Diageo issued a brief interim management statement for the three months ended Sept. 30. Overall, the company’s organic net sales climbed 3.1% in the period, led by North America (up 5.1%) and Latin America and Caribbean (up 10.9%). Analysts continue to believe that over the next decade Diageo will grow revenue by almost 6% per year and earnings per share by roughly 8% to 9% per year. Overall, we haven’t wavered from our stance on the company’s economic moat, which remains wide, bolstered by its premium brands and unmatched geographic scale.
Diageo’s business in the United States continues to premiumize, with strong performance from the Ciroc, Crown Royal, and Ketel One brands. We continue to forecast that spirits will continue to gain share of throat in the coming year at the expense of beer. CEO Ivan Menezes is still forecasting a low-single-digit decline in Diageo’s Western European business, which strikes us as reasonable in light of the challenging macro environment.

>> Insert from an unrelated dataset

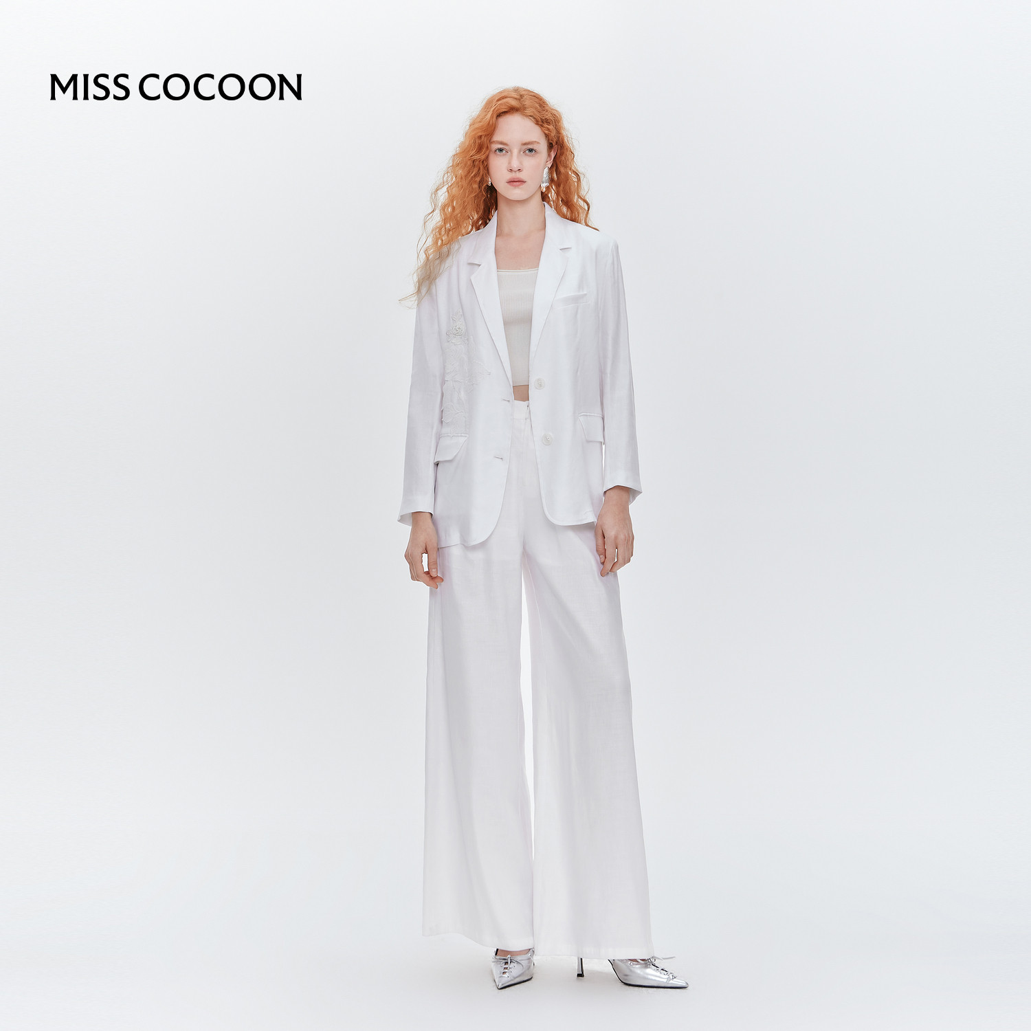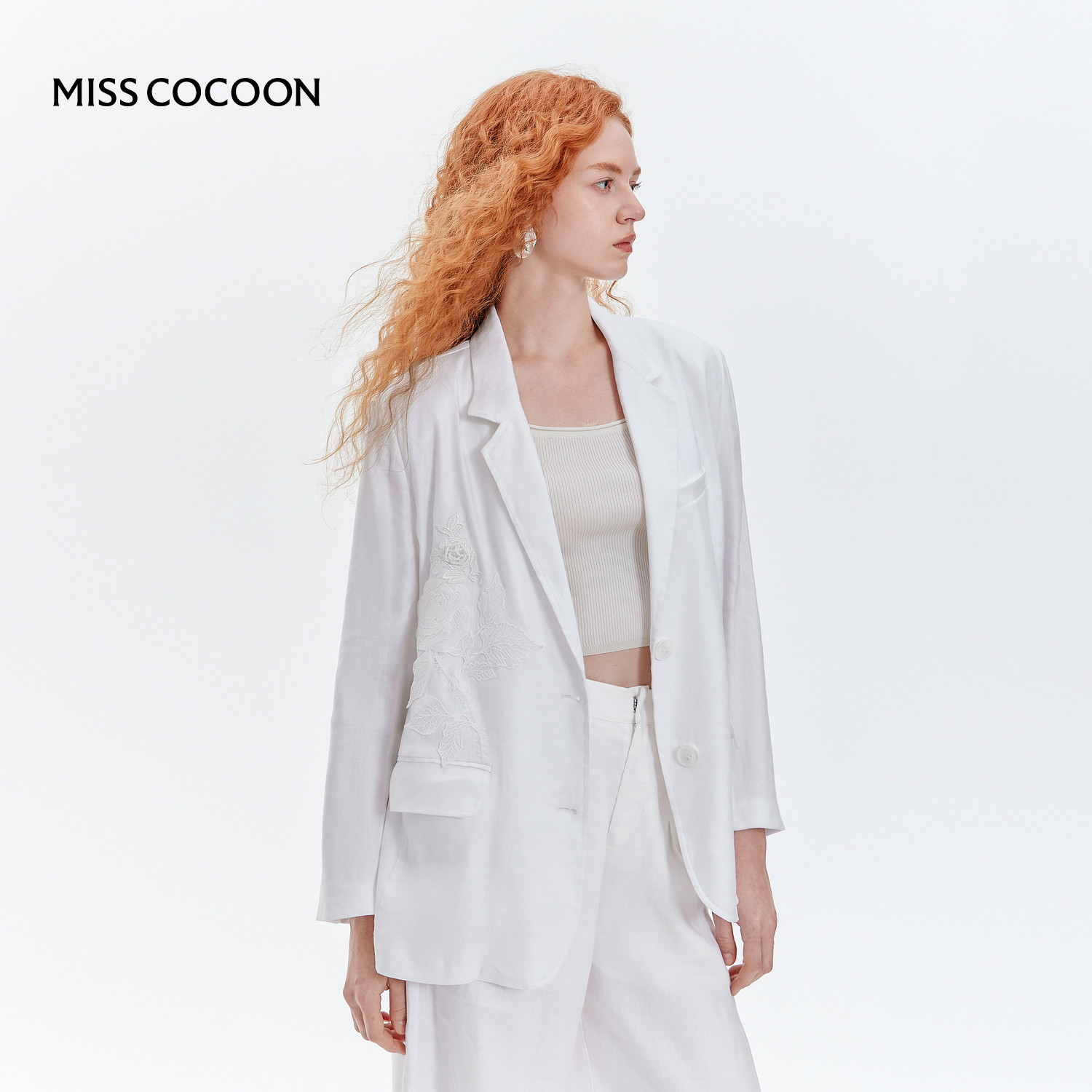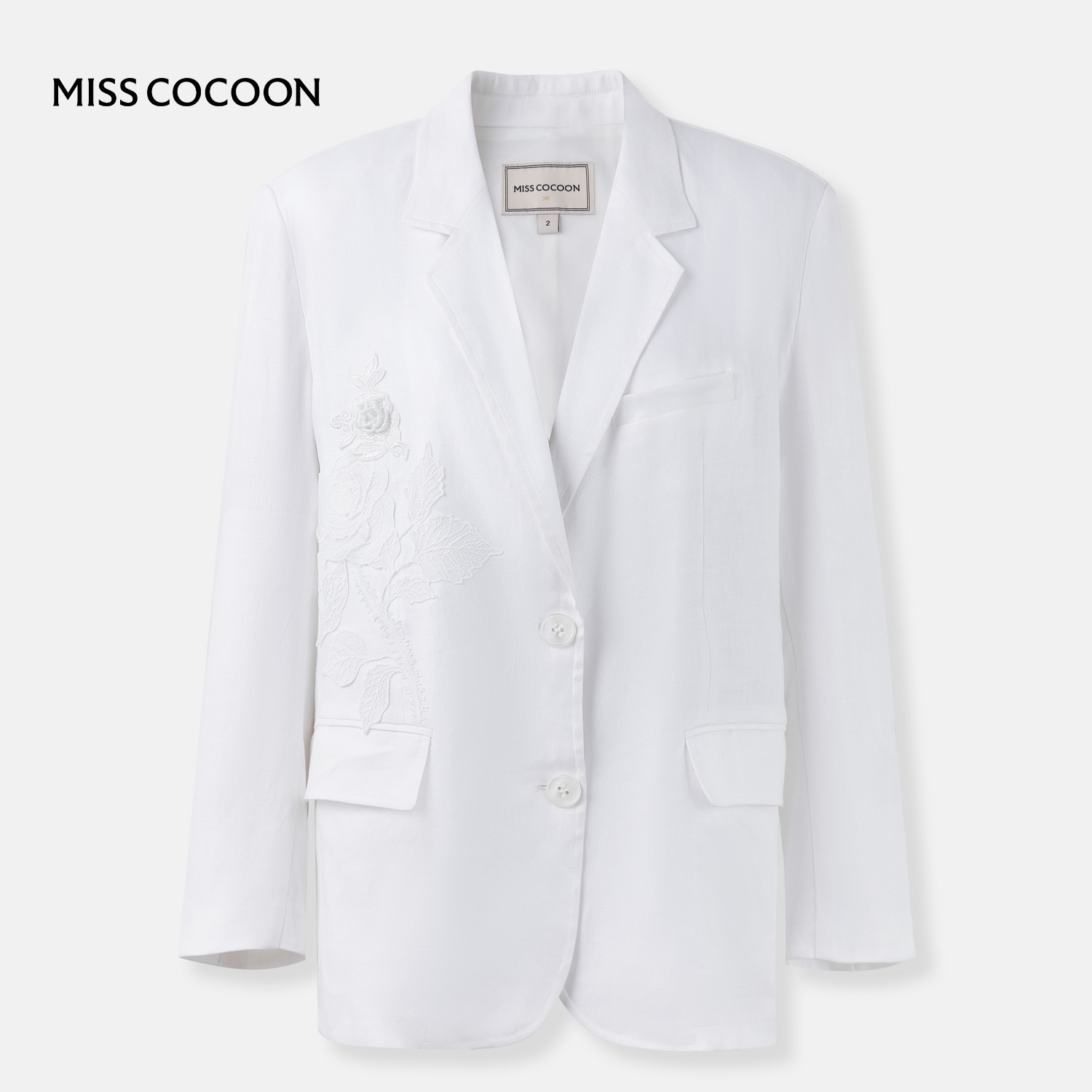 MISS COCOON可可尼宽肩亚麻西装外套2025秋季新款重工蕾丝西服女

Recently, the Chinese government has been cracking down on corruption, bribery, and gift-giving to public officials. As such, demand for high-end spirits has fallen, and this has negatively affected several publicly traded Chinese spirit companies (such as Kweichow Moutai and Wuliangye Yibin) as well as Diageo’s Chinese white spirits subsidiary (Shui Jing Fang). However, despite weakness in baijiu and white spirits, management confirmed qualitatively that Diageo’s super- and ultra-premium scotch brands continue to perform well in China.